─── DATA PROVIDED

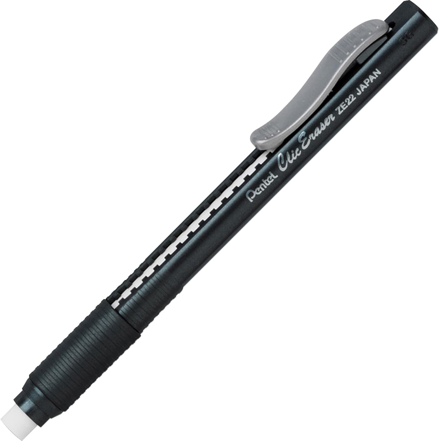 Pentel Clic Eraser, Retractable, Pocket Clip, Rubber Grip, Black Barrel (PENZE22A)
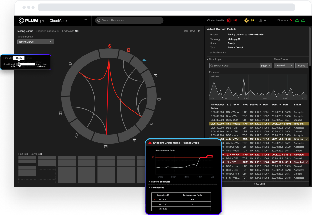 A real-time, interactive interface that empowers network and cloud administrators to visualize network traffic behaviours, apply security policies, and detect anomalies or active attacks across virtualized and hybrid environments—enhancing visibility, control, and rapid incident response.
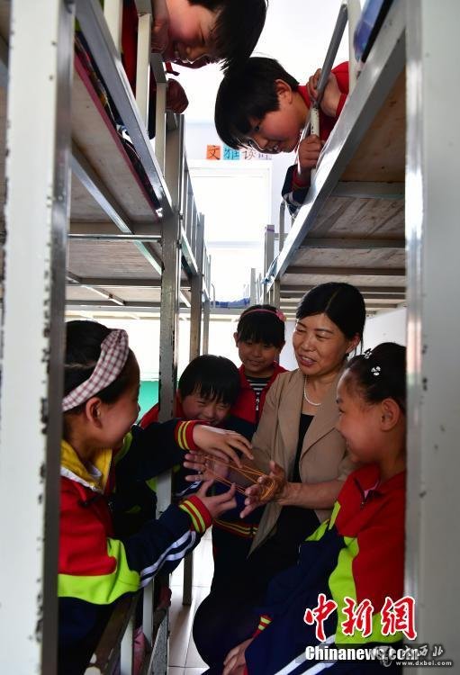 5月4日,河北邢台平乡县东庙小学宿舍,赵秀格与几名学生做游戏。据了解,东庙小学位于平乡县、广宗县、曲周县和邱县四县交界处,因地处偏远师资匮乏。1986年,高中毕业的赵秀格回到母校当上了代课老师,一干就是32年。“乡亲们把孩子交给我,我就不能辜负乡亲们的信任。我不会让每一个孩子在生活中受到一丁点的委屈,我要让他们的童年留下美好的回忆,这是我的责任也是义务。”这是赵秀格常挂在嘴边的一句话。中新社记者翟羽佳摄
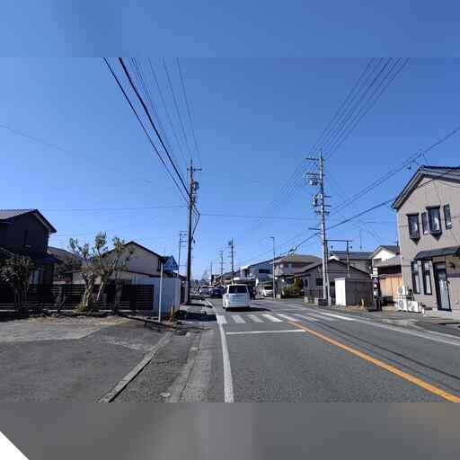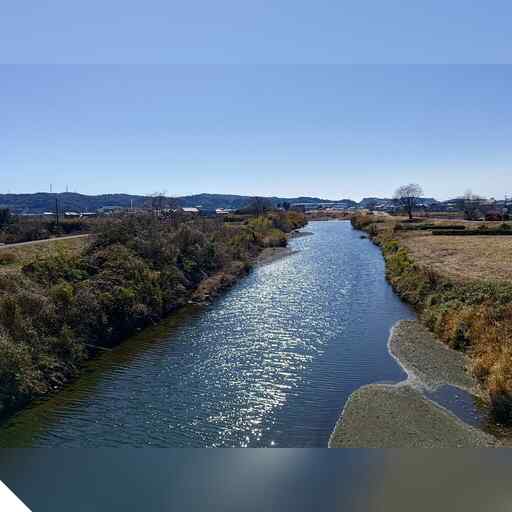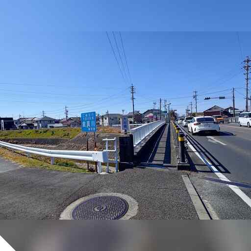 二瀬川の交差点を南に曲がり、逆川を渡ります。 次の分岐で細い方の道に入ります。

──────

▸ PROBLEM DESCRIPTION
The reply should repeat the data in full, exactly as given, and contain no pictures.

▸ ANSWER AREA
 Pentel Clic Eraser, Retractable, Pocket Clip, Rubber Grip, Black Barrel (PENZE22A)
 A real-time, interactive interface that empowers network and cloud administrators to visualize network traffic behaviours, apply security policies, and detect anomalies or active attacks across virtualized and hybrid environments—enhancing visibility, control, and rapid incident response.
 5月4日,河北邢台平乡县东庙小学宿舍,赵秀格与几名学生做游戏。据了解,东庙小学位于平乡县、广宗县、曲周县和邱县四县交界处,因地处偏远师资匮乏。1986年,高中毕业的赵秀格回到母校当上了代课老师,一干就是32年。“乡亲们把孩子交给我,我就不能辜负乡亲们的信任。我不会让每一个孩子在生活中受到一丁点的委屈,我要让他们的童年留下美好的回忆,这是我的责任也是义务。”这是赵秀格常挂在嘴边的一句话。中新社记者翟羽佳摄
 二瀬川の交差点を南に曲がり、逆川を渡ります。 次の分岐で細い方の道に入ります。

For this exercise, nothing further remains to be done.